04/03/2020
Given the number of job losses that have already occurred, and the ones we can anticipate are coming, I wanted to share this. The CARES Act (“Coronavirus stimulus law”) enacts the following changes to early distributions (with effective dates of January 1, 2020, to December 31, 2020) and loans (with effective dates of March 27, 2020, to December 31, 2020) from qualified employer-sponsored and IRA retirement accounts:
1. Allows withdrawals up to $100,000 without the normal 10% penalty tax.
2. Allows participants to take the full amount of their vested benefit as a loan. Normally, the loan amount is limited to 50% of the vested balance.
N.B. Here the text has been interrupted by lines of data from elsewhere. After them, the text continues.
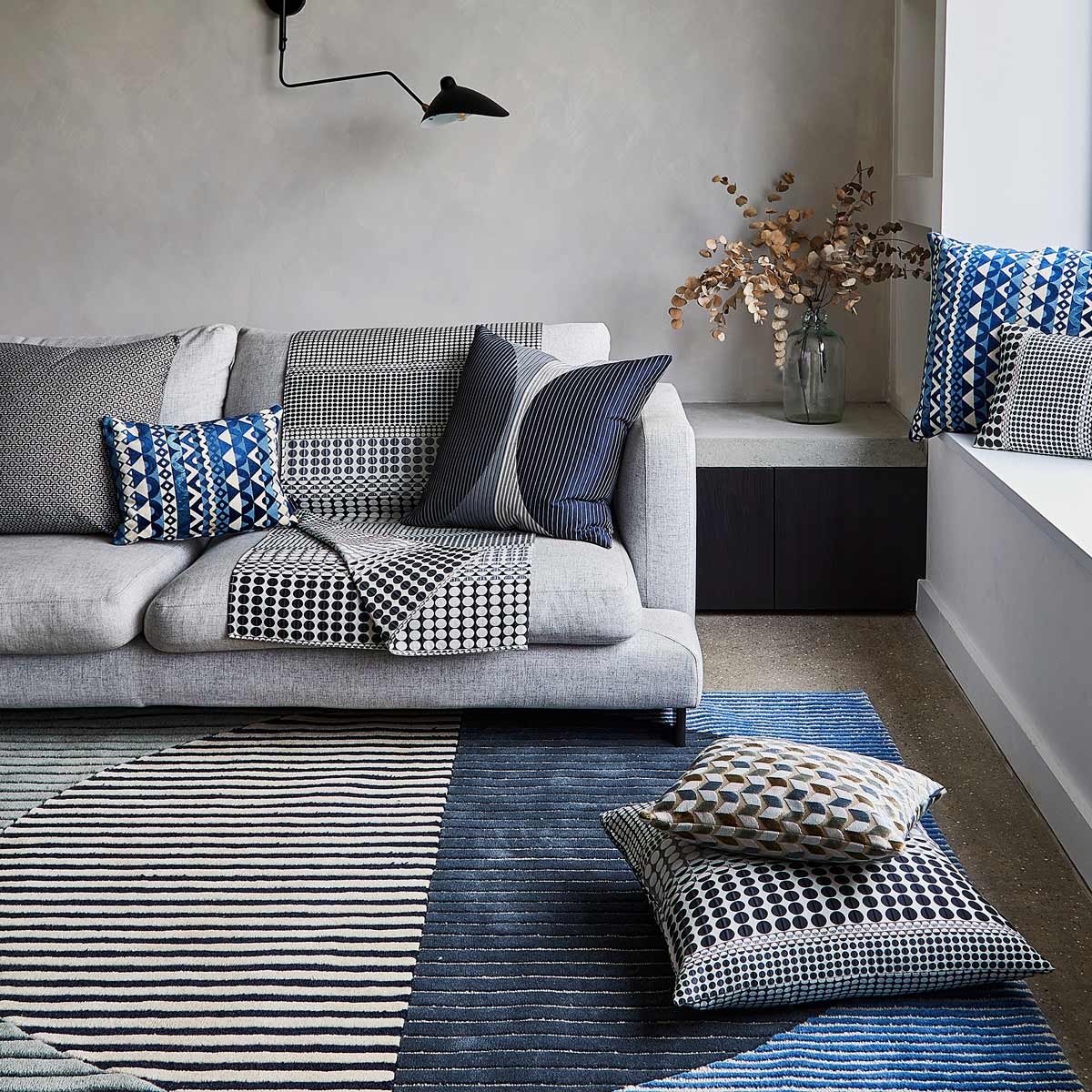 The Logan rug design is made up of a classic Margo Selby motif, used throughout her career - oversized and filled with varying scales of linear pattern. The pattern-within-pattern effect brings smart architectural texture to the floor. The limited palette references the inky tones of traditional Indigo textiles.
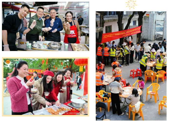 年夜飯正準備著,趣味游園、送揮春、年味小吃等區(qū)域早已熱鬧起來:書法家現(xiàn)場揮毫送福,粵菜大師手把手教學,職工們穿梭打卡,手里攥著剛寫的春聯(lián),嘴里嘗著地道小吃,臉上滿是笑容?!邦^一回和這么多同事吃年夜飯,跟大家的感情更熟悉了!” 來自遠輕鋁業(yè)(廣東)有限公司的官秋婷道出了大家的心聲。
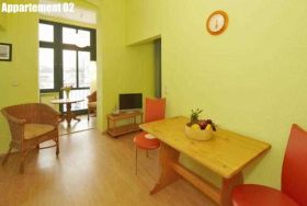Die komplett und modern eingerichtete 1- Raum- Wohnung ( 40 qm) befindet sich im Erdgeschoss bzw. im 1. OG der Villa Ostpreussen. Die Wohnung ist mit einem LCD Fernseher, einer Küchenzeile (Wohnung im Erdgeschoss separate Küche) und einer Veranda ausgestattet. Eine Aufbettung für eine 3. Person ist möglich.
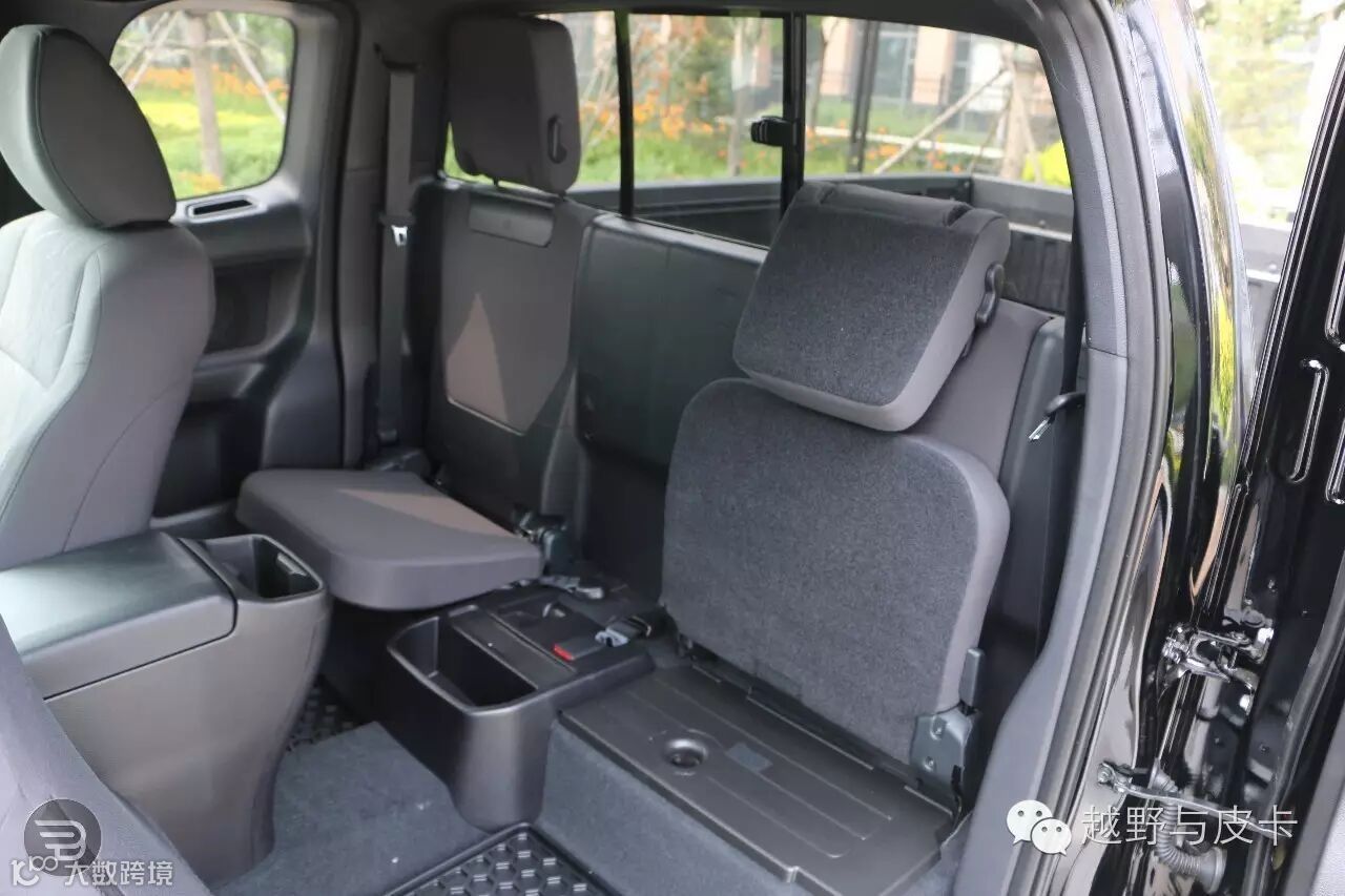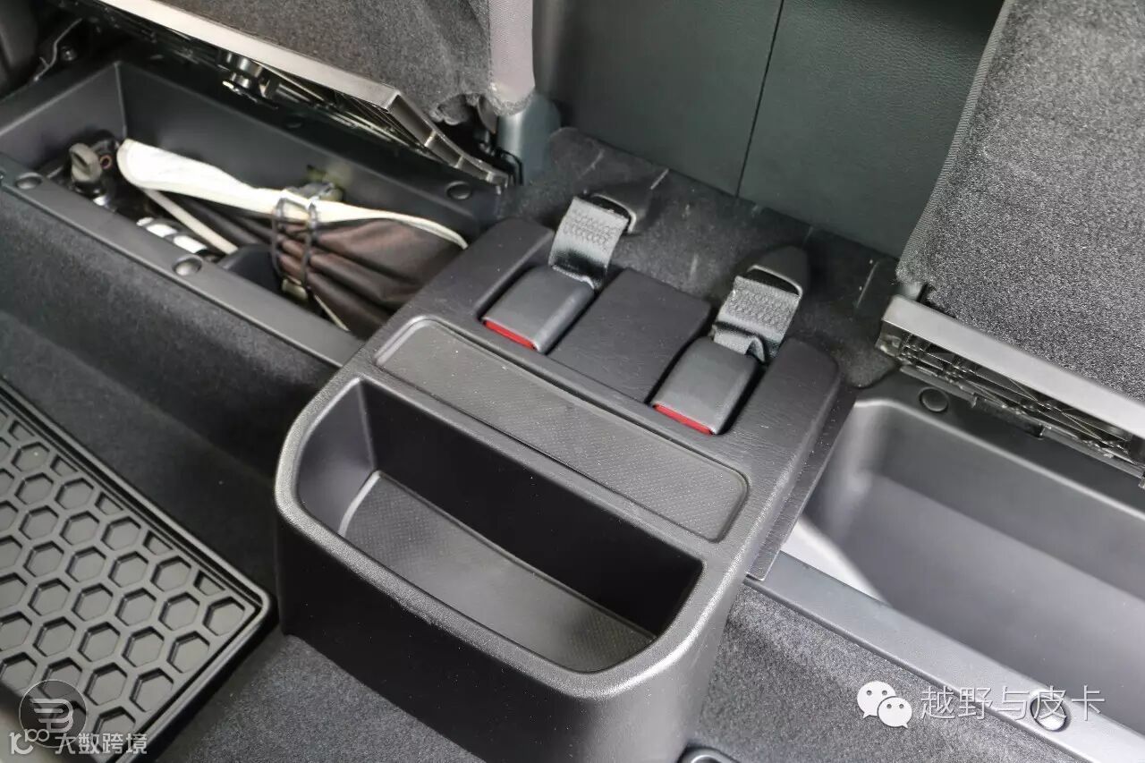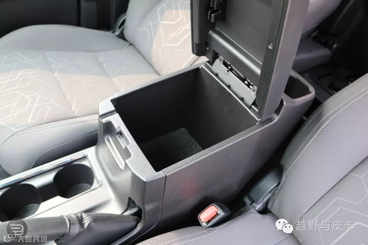 受制于车宽,扶手箱的空间比不上全尺寸皮卡那样夸张
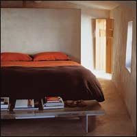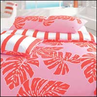 * سرير نوم يكتسي بمفارش ملونة بالألوان الحية المستمدة من الطبيعة.
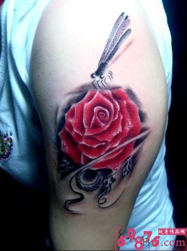 手臂玫瑰与蜻蜓纹身_玫瑰花纹身图案大全_纹身图吧
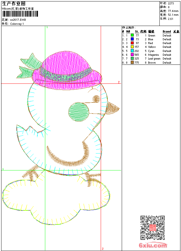 - emb花版参数: 大小:28.00 KB / 尺寸:52*77[毫米] / 针数:2273针 / 线色:8 / 格式:emb / 版本:9
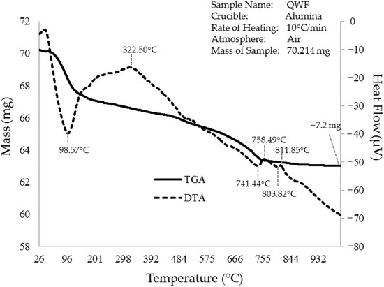 The superimposed TGA and DTA curves of QWF are presented in Figure 5. Based on the TGA data, the total mass loss of QWF is −7.2 mg which is equivalent to a 10.26% mass loss at 1000 °C. Meanwhile, the DTA curve displays an endothermic drop at 98.57 °C which is attributed to the loss of surface water and dehydroxylation. Exothermic peaks are also observed at approximately 322.5 °C, 758.49 °C, and 811.85 °C, respectively. The possible reasons for the occurrence of these peaks are the chemical and physical changes in QWF, including the removal of organic components, the decomposition of carbonates and hydroxyls, the elimination of water from the interlamellar spaces, and the formation of new mineral phases. These results have been validated by some published works on the thermal analysis conducted on some siliceous by-product-based materials, of which endothermic and exothermic peaks occur at nearly similar temperature levels [60,61]. The DTA results complement and further validate the results of the XRD analysis. Herein, based on the material’s behavior at different temperature levels, the QWF is found to have a variable mineral composition [62,63,64].
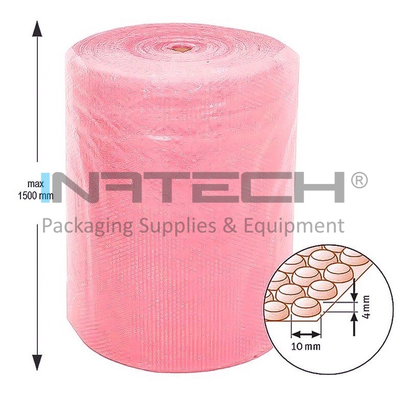 Folia cu bule de aer cu tratament antistatic ESD este recomandata pentru ambalarea obiectelor electronice, aparaturii de birotica. Folia cu bule de aer apara produsele de socuri si lovituri, asigura bariera impotriva umiditatii, prezinta proprietati termoizolante.
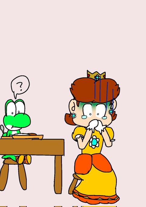 ヨッシーくん、大飯喰らいのくせに料理は下手くそなようです #絵描きさんと繋がりたい #PrincessDaisy #よひ
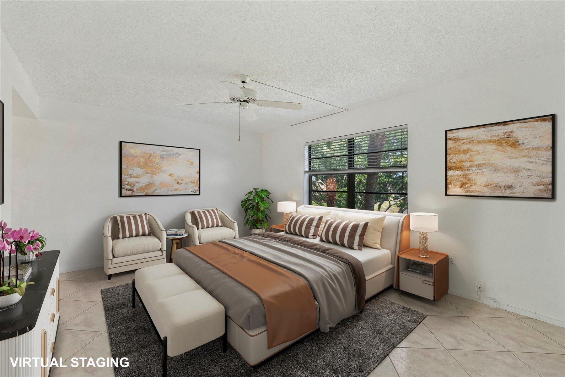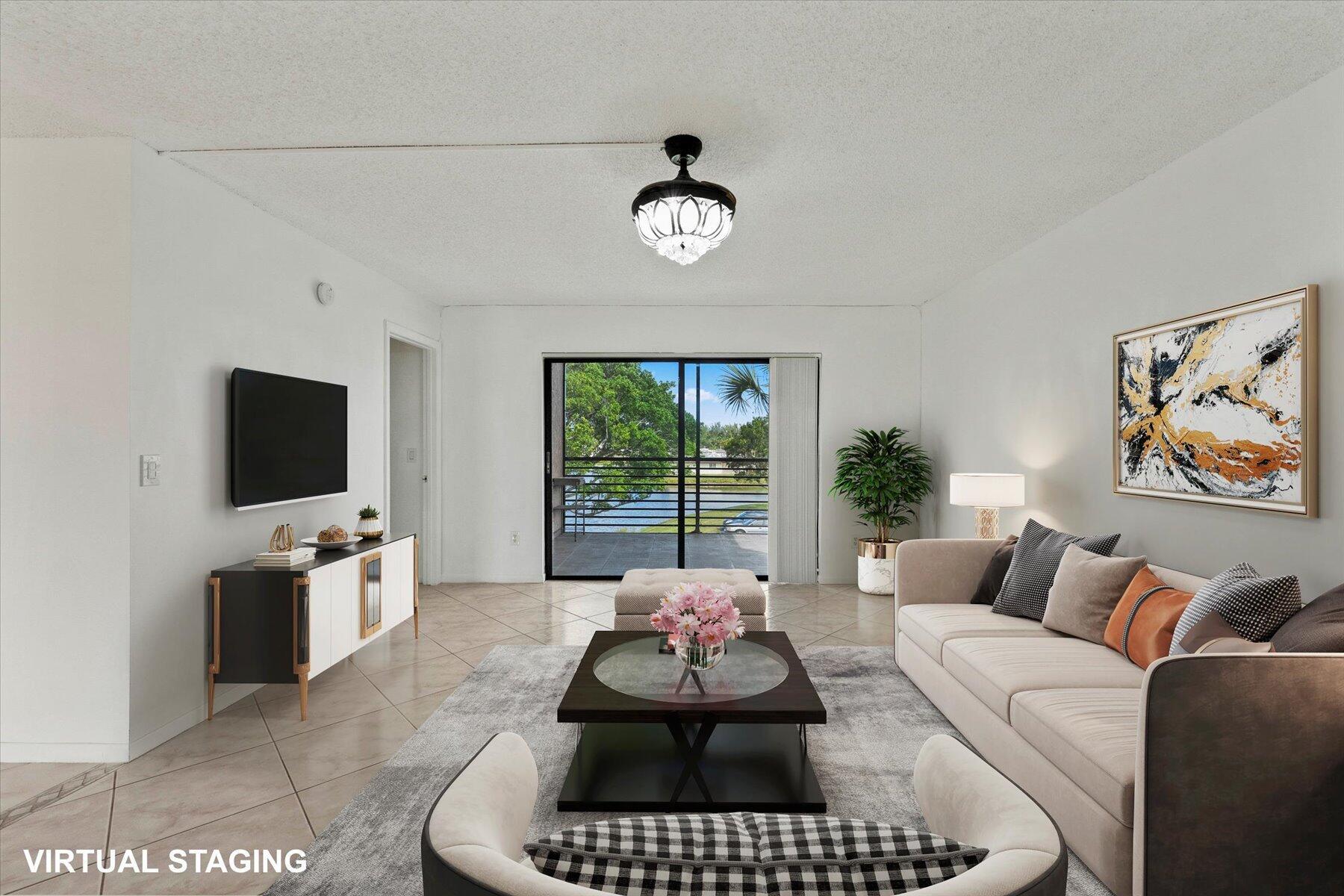 Welcome to your golden years in the heart of paradise! This exquisite condo in the coveted Golden Lakes community of West Palm Beach, FL, is more than just a home; it's full of rich experiences that await you. This floor plan is the largest in the building and most sought-after. Nestled beside a serene lake, this two-bedroom, two-bathroom condo boasts a spacious master bedroom with a generously sized closet. Imagine waking up to the embrace of the morning sun, as the master bedroom offers breathtaking sunrise views over the lake. You'll enjoy this unit being the largest in the building and also an end unit with perks of a massive living room and dining room. Step onto your private balcony, where you can savor your morning drink while overlooking the water & pool.

3. Allows up to three years for an individual to complete an IRA rollover before the funds are subject to tax. Normally, the allotted time is 60 days.
4. Increases maximum loan amounts from $50,000 to $100,000.
5. Spreads the recognition of taxable income from early withdrawals over three years. For example, if you withdraw $99,000 from a qualified account for reasons related to COVID-19 and you elect to or are unable to repay any of it, you would recognize tax on $33,000 of income in the subsequent three years, instead of all $99,000 in one year.
6. Loan repayments will have a one-year grace period from the initial date of the loan during which you are not required to make payments.
7. The loan repayment period is extended from three to five years.
I should add that any decision to withdraw funds from accounts meant for your retirement is a serious and delicate matter that should be treated as such. Consider reasonable and safe ways to reduce expenses or supplement your income. However, if those reasonable and safe actions are not enough, the temporary changes in the law may lessen the sting of using your funds.